What you give back should be exactly the lines from the one with "Полночи в пятницу" through the end of the data, without the pictures.

────────

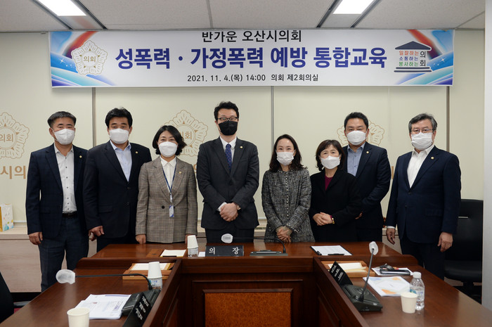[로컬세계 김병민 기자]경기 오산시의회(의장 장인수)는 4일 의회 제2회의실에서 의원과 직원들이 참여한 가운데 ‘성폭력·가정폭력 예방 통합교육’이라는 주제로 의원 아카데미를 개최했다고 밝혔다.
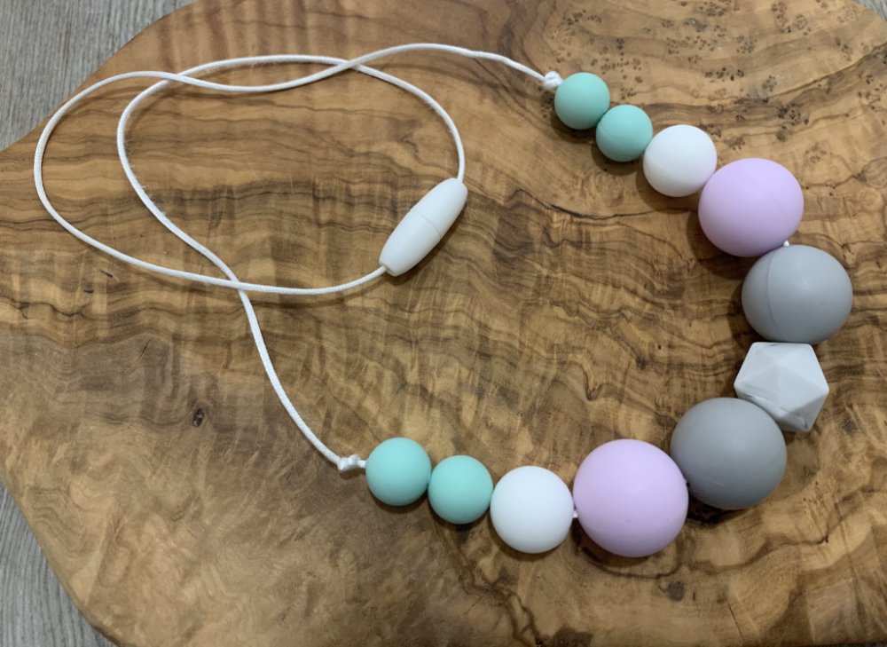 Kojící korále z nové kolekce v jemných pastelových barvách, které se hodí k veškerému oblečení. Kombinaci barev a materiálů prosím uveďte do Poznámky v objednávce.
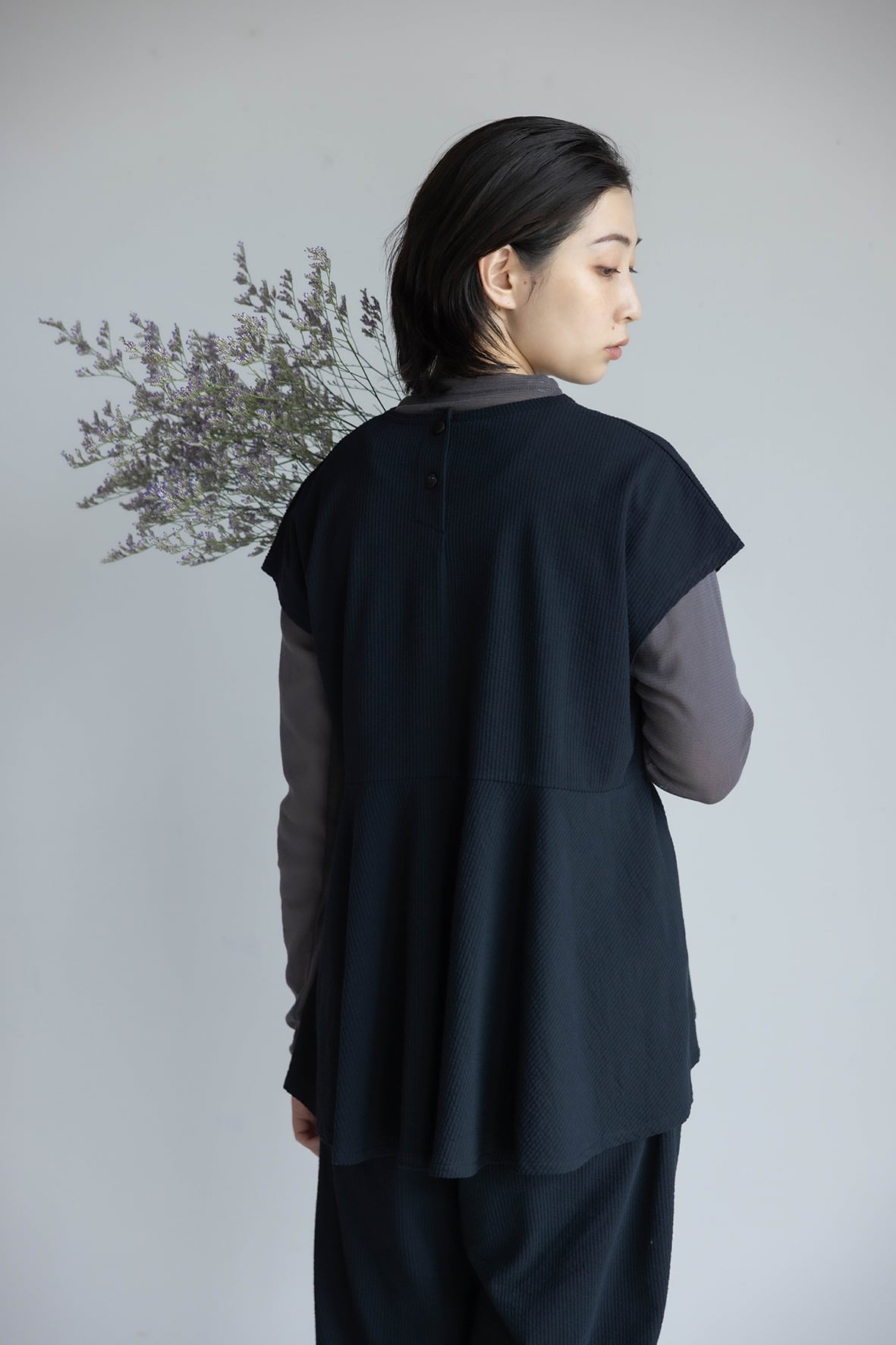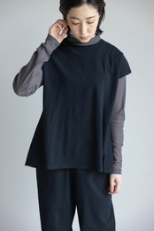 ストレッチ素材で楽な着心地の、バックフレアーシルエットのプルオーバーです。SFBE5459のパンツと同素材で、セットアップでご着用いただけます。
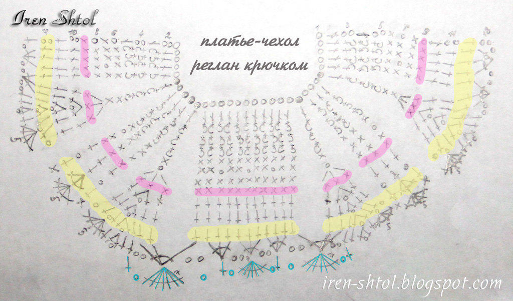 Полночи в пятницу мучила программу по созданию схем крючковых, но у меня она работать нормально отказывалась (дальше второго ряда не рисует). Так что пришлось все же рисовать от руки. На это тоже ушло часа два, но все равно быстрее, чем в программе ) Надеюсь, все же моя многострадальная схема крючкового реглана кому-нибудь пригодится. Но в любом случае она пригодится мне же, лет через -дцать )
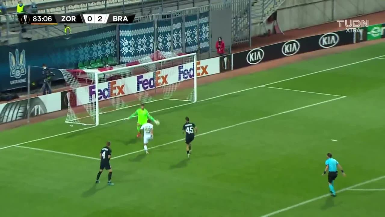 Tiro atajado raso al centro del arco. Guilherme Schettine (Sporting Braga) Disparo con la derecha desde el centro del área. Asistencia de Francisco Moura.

────────

__Reply to the exercise__
 Полночи в пятницу мучила программу по созданию схем крючковых, но у меня она работать нормально отказывалась (дальше второго ряда не рисует). Так что пришлось все же рисовать от руки. На это тоже ушло часа два, но все равно быстрее, чем в программе ) Надеюсь, все же моя многострадальная схема крючкового реглана кому-нибудь пригодится. Но в любом случае она пригодится мне же, лет через -дцать )
 Tiro atajado raso al centro del arco. Guilherme Schettine (Sporting Braga) Disparo con la derecha desde el centro del área. Asistencia de Francisco Moura.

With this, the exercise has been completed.